Phillips 66 hasn't just hit new all-time highs recently. It also continues to pay a solid dividend that currently yields 3%. With prices at the pump having followed the recently upward track of crude oil prices, Phillips 66 looks poised to keep its margins wide and its profits healthy for the foreseeable future. That's good news for any retiree looking for conservative growth.

How to change the world and still turn a profit

Anders Bylund (Costco): Buffett holds a modest 1% stake in Costco, and Berkshire Hathaway Vice Chairman Charlie Munger has held a seat at the retailer's board of directors since 1997. In an old Forbes article, Munger had nothing but praise for Costco's impact on the business world:

"It's hard to think of people who've done more in my lifetime to change the world of retailing for good, for added human happiness for the customer," Munger said. "Generally speaking, I believe Costco does more for civilization than the Rockefeller Foundation."

Costco's spin on retail operations is indeed a unique one. The company is known for its generous salaries and high-quality benefits packages, making it one of the best places to work in 2017 according to Glassdoor. Retail is a notoriously low-margin business in the first place, and Costco's willingness to spend more on its employees adds even more pressure to those slim profit margins.

The company gets around the lack of retail profits by charging an annual premium for Costco memberships, which are required if you want to go shopping at these stores. Those fees added up to $2.9 billion over the last four quarters with no related expenses to speak of, so memberships accounted for a staggering 71% of Costco's pre-tax profits. From a different angle, Costco's free cash flows would have been a negative $700 million without the membership dues. This is par for the course, a pattern that repeats, year after year, over the long run.

So Costco makes the world a better place by taking active care of its workers, and find innovative ways to pay the bills and also power a modest 1.5% dividend yield. The company has millions of loyal fans and is likely to stay healthy for decades to come. If you're looking for a solid and safe investment that helps you sleep at night, Costco might be it.

Five credit cards fanned out on a dark table.

IMAGE SOURCE: GETTY IMAGES.

Even retirees should invest for growth

Jason Hall (Mastercard): If you're retired (or close to it), there's a good chance you're 65 or older. According to the Social Security Administration, the average man who lives to 65 will live another 19-plus years, while the average woman will live almost 22 years longer.

Considering how many retirees will outlive their retirement savings, investing a portion of your portfolio in high-quality growth stocks can make a huge difference in your quality of life in later years. Mastercard in an excellent place to start.

As one of the world's biggest electronic payments processors, the company is already a key partner for thousands of financial institutions and hundreds of thousands of merchants worldwide. Mastercard also has strong brand equity and recognition with consumers. These two things have already paid off for the company as it works to grow its global reach.

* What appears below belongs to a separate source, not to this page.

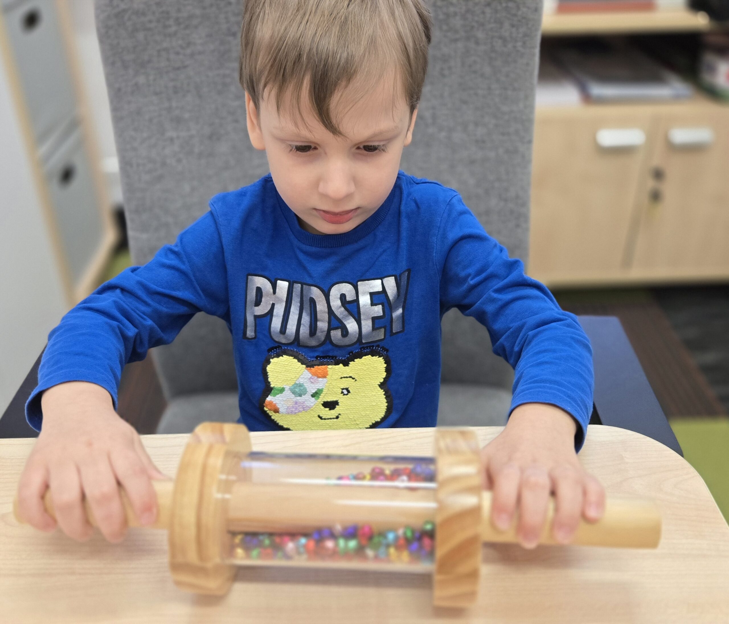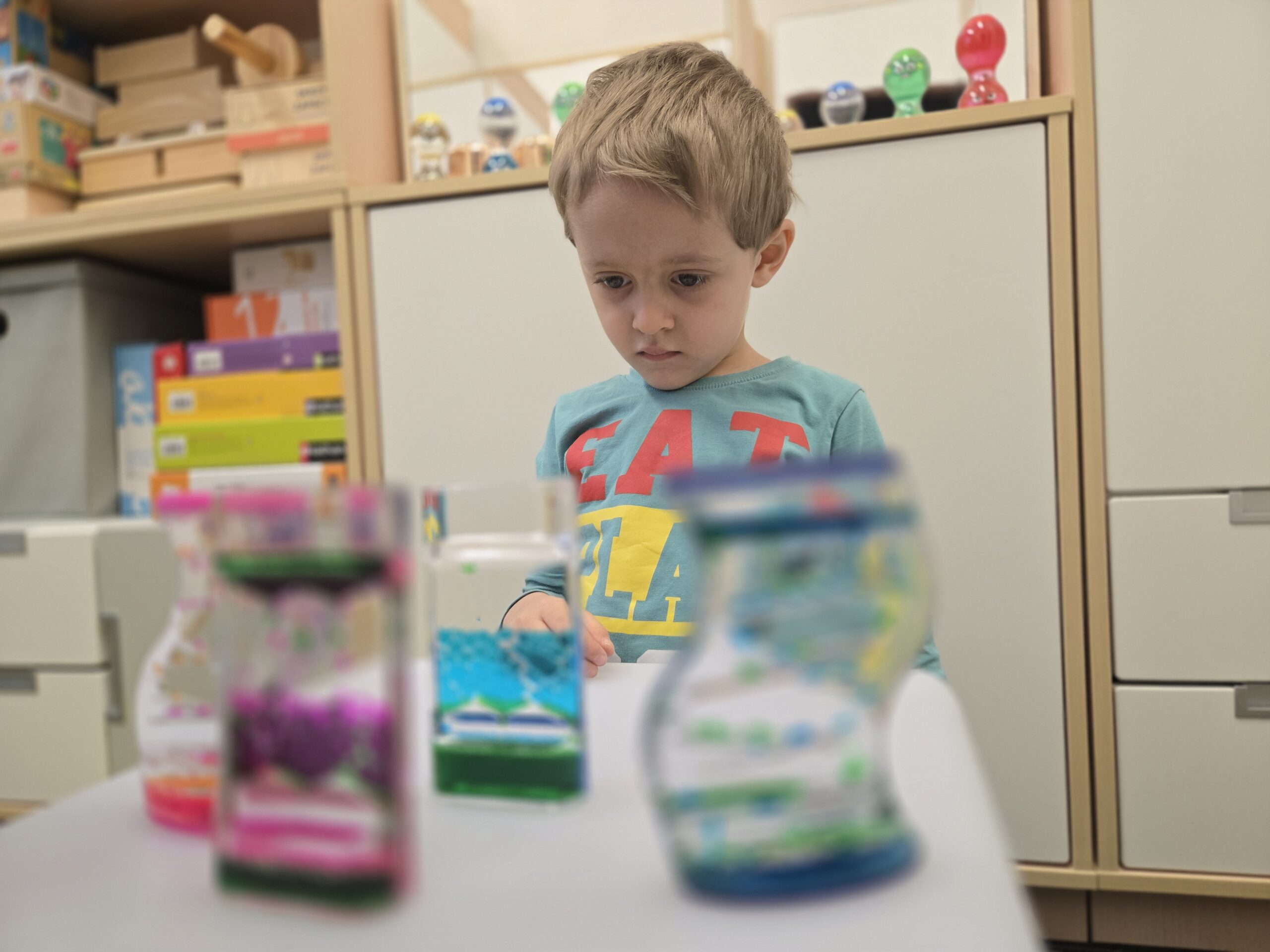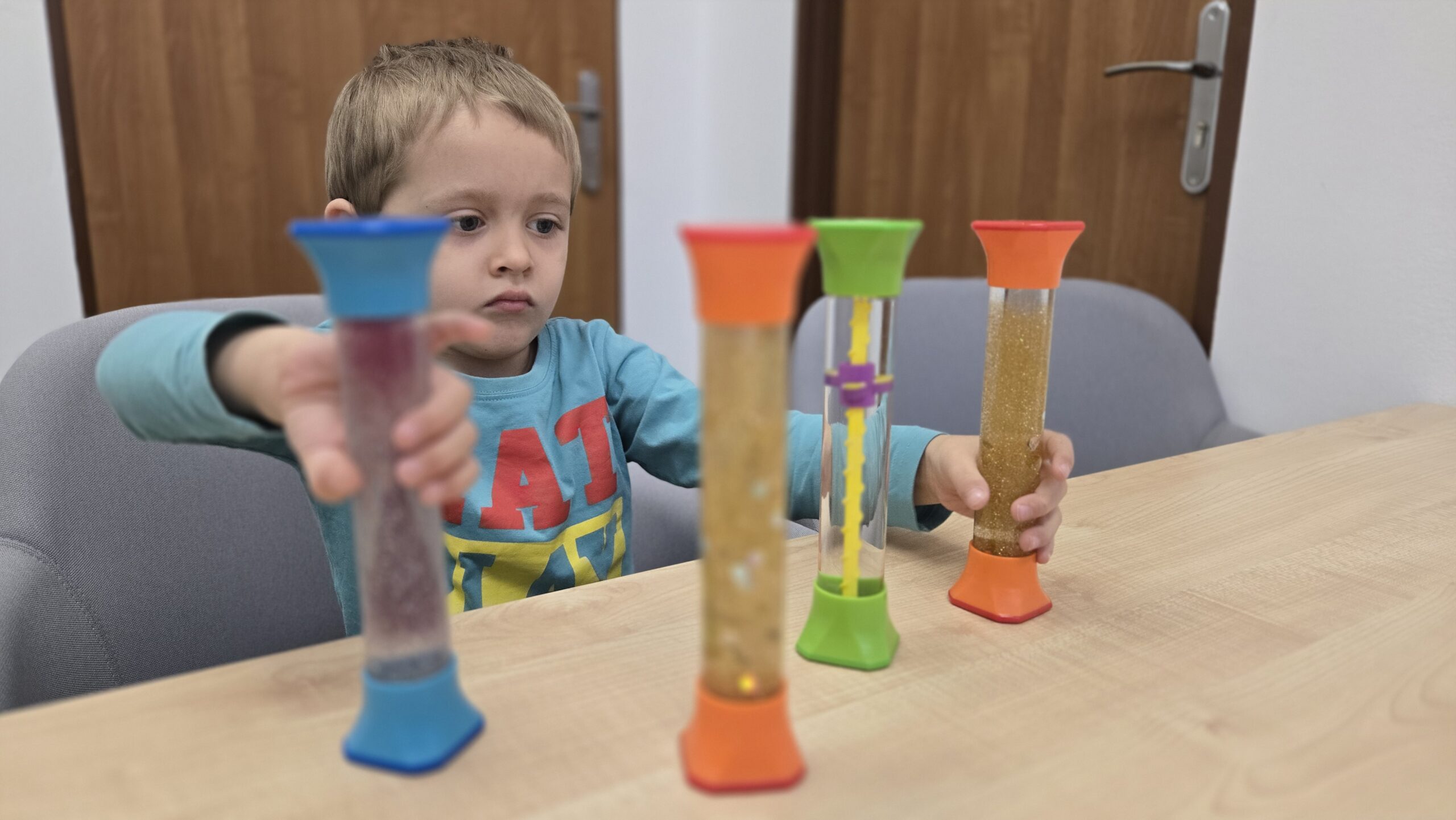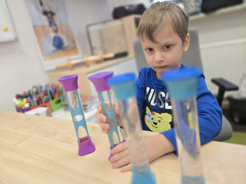 W gabinecie terapii zajęciowej skupiamy się na kreatywnych doświadczeniach zmysłowych. Prowadzone zajęcia są ekscytującą eksploracją jaskrawych kolorów, nietuzinkowych materiałów zapewniających naszym podopiecznym wspieranie praktycznej nauki oraz angażowanie wszystkich zmysłów. Obserwowanie hipnotyzującego ruchu w tubach sensorycznych zapewnia dzieciom ze specjalnymi potrzebami edukacyjnymi wizualne a także kojące wrażenia zmysłowe.

And the global growth prospects for electronic payments are extraordinary. Over the next decade and change, the global middle class will expand by 1 billion people, a number that will drive the growth of electronic payments from its current levels of less than 15% of all transactions.

There will be plenty of competition along the way, but Mastercard is so well-established, trusted, affordable for merchants and profitable for financial partners, that it should be one of the biggest beneficiaries from this global trend. Retirees should consider Mastercard as a cornerstone stock for their growth portfolio.